6. To recover compensation for moral damages in the amount of 19,000 rubles from Tinkoff Bank JSC
Thus, it can be understood that globally the requirements can be divided into two categories
– requirements to recognize as illegal the imposition of a debit card when opening a deposit
– requirements to recognize as illegal the presence of automatic consent for the processing of biometrics in the UKBO and to recognize as illegal the receipt of consent for the processing of biometrics during a regular login to the Internet bank.
So that the post does not turn into a kilometer sheet since I won the court in the first instance.
I am attaching for now that it is nonsense, or rather the position of TBank, which was written by a lawyer of TBank
And also the response of the Ministry of Digital Development dated 05/31/52024 No. P24-267165 about the date of accreditation of Tinkoff
And the response of the Ministry of Digital Development dated July 11, 2024 No.
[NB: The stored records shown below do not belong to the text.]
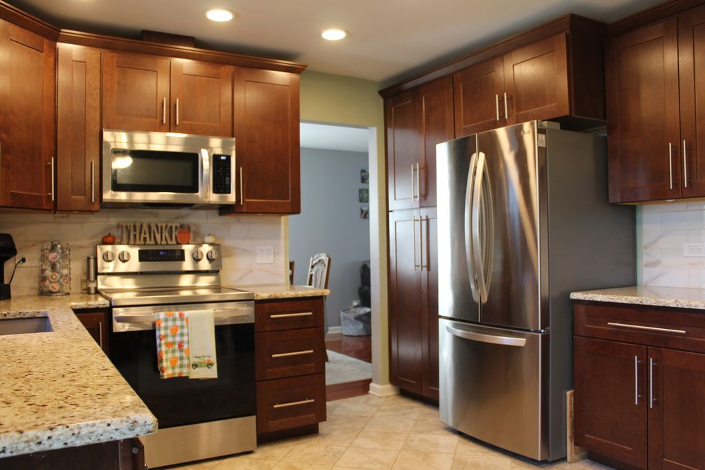 Well maintained 4 bed 3 bath home, with over 2400sq. ft. of living space. Featuring updated eat in kitchen, with shaker style soft close cabinets, stainless steel appliances, granite countertops, and custom pantry. Updated baths including Master Suite private FULL bath. Fresh paint and carpet, heated garage with plenty of workshop storage and space, plus newer furnace and ac. Possible related living w/lower level 4th Bedroom next to bath and family room. Finished basement with wet bar and pool table for all of your entertaining needs! Spacious back yard. Move-in ready, waiting for you to unpack and relax! Home Warranty provided with a qualifying offer. **Agent Owned**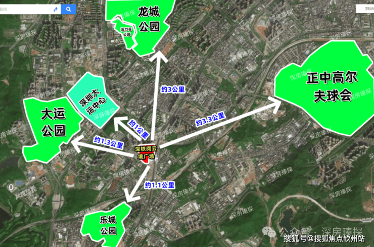 文娱公园配套:在深铁阅云境广场距离1公里处有深圳大运中心,内设有体育馆,体育场,游泳馆,足球场,400米环形跑道,每年有多场明星演唱会就是在大运体育馆举行;在周边1.3公里范围内有大运公园,乐城公园等,约3公里范围有龙城活力谷公园,龙城公园等大型公园配套,非常适合闲时散步爬山,亲子时光,在约3.3公里处还有正中高尔夫球会,拥有36洞锦标赛级球场,不定期举行多项赛事活动。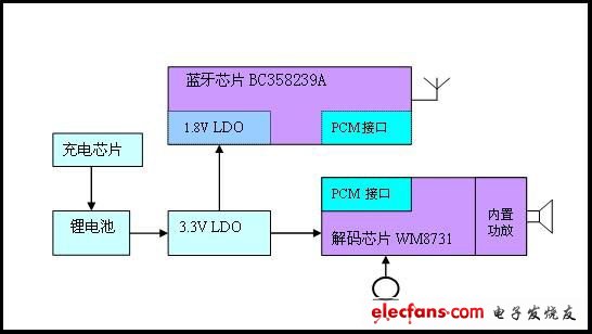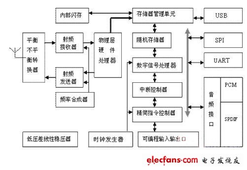 BC358239A芯片频率范围2.402~2.480Ghz,发射功率可高达+4dB,内置有8比特DAC(数模转换器)可自动调整发射功率,无需外部 BALUN(平衡不平衡转换器和功放即可符合蓝牙V1.2规格;0.1%BER(比特误码率)时典型接收灵敏度-85dB;全集成的频率合成器,可支持 8~40Mhz外部时钟输入又可外接CRISTAL(晶振);内部集成DSP(数字信号处理器)速度可达32MIPS,32bit指令字,24bit数据存储器,内置4K字程序存储器,两个8K字数据存储器,足以支持耳机应用软件设计需要;片上LDO(低压差线性稳压器),支持u-law和A-law 语音代码转换,支持I2S又支持PCM语音接口, 深度睡眠模式功耗不超过10uA;10x10mm 的LFBGA封装,只需较小的PCB尺寸。BC358239A内部结构见图二。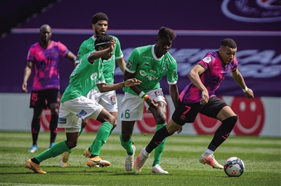 18日,在2020-2021赛季法甲联赛第33轮比赛中,巴黎圣日耳曼队主场以3∶2战胜圣埃蒂安队。图为巴黎圣日耳曼队球员姆巴佩(右一)在比赛中进攻。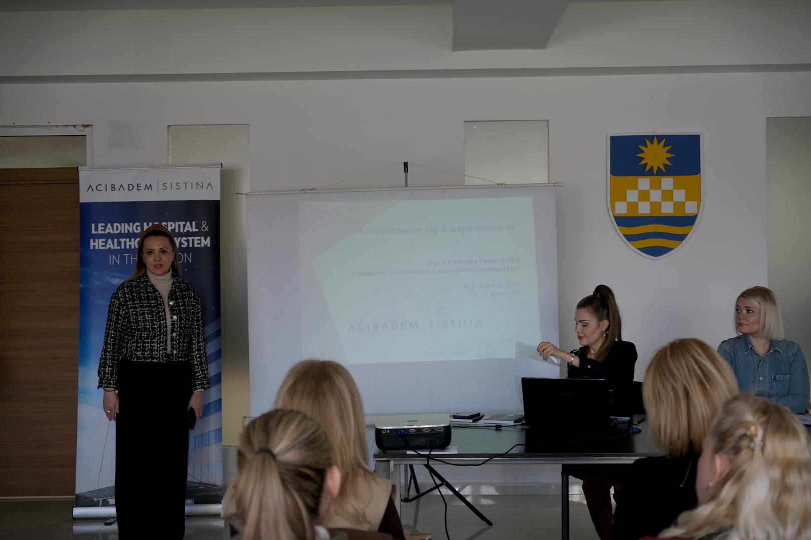 Денеска, на иницијатива од д-р Камелија Симеонова, Специјалист по детска и адолесцентна психијатрија од приватната болница ,,Аџибадем Систина”, во просториите на Општина Карпош се одржа првата психо-едукативна работилница, наменета за наставниците и стручните соработници од општинските основни училишта. Централна тема на работната сесија беше стручната и применлива интерактивна едукација, насочена кон психолошката стабилност на наставниот кадар. Во рамки на презентацијата, акцентот беше насочен кон прашањето за психолошкиот товар кој го носат наставниците, а дискусијата заврши со кратка размена на меѓусебни искуства од наставната пракса.

P25-16410-OG based on the results of a REPEATED personal reception
2. Responses from departments and cases under the Code of Administrative Offenses
I will not cite here all the departmental responses that came to me over almost a year, I will only note those that gave substantive answers, and not just written tons of clerical paper
2.1 Rospotrebnadzor turned out to be the most normal agency. Since he refused to initiate a case under Article 14.8 of the Code of Administrative Offences, and after filing a complaint with the head of the department, he returned the case for a new consideration and opened a case under Article 14.8 of the Code of Administrative Offences, and also issued an order to eliminate the violations.
TBank was offended and went to the Arbitration Court where it lost at the moment and in the appellate instance
Taking into account the Prejudice, this decision will be used in an appeal in a court of general jurisdiction.
2.2 Roskomnadzor, after FOUR appeals of its refusal to initiate proceedings under Article 13.11 of the Code of Administrative Offenses, sent THREE messages about the fact of an administrative offense to the Roskomnadzor Office for the Central Federal District
2.3 The Central Bank of the Russian Federation answered its part and sent the rest to the Ministry of Digital Development
2.4 The Ministry of Digital Development, after two personal visits, gave a CLEAR position on the INACCEPTABILITY of obtaining consent for the processing of biometric data as usual when logging into a mobile application, online banking or using an ATM.
I won the court of general jurisdiction in the first instance, but TBank filed an appeal, but I have not received it yet. As soon as I receive it, I’ll share their masterpiece, or rather nonsense 🙂
So citizens whose biometric data TBank leaked to the EBS can also sue, at least for the sake of compensation for moral damage caused.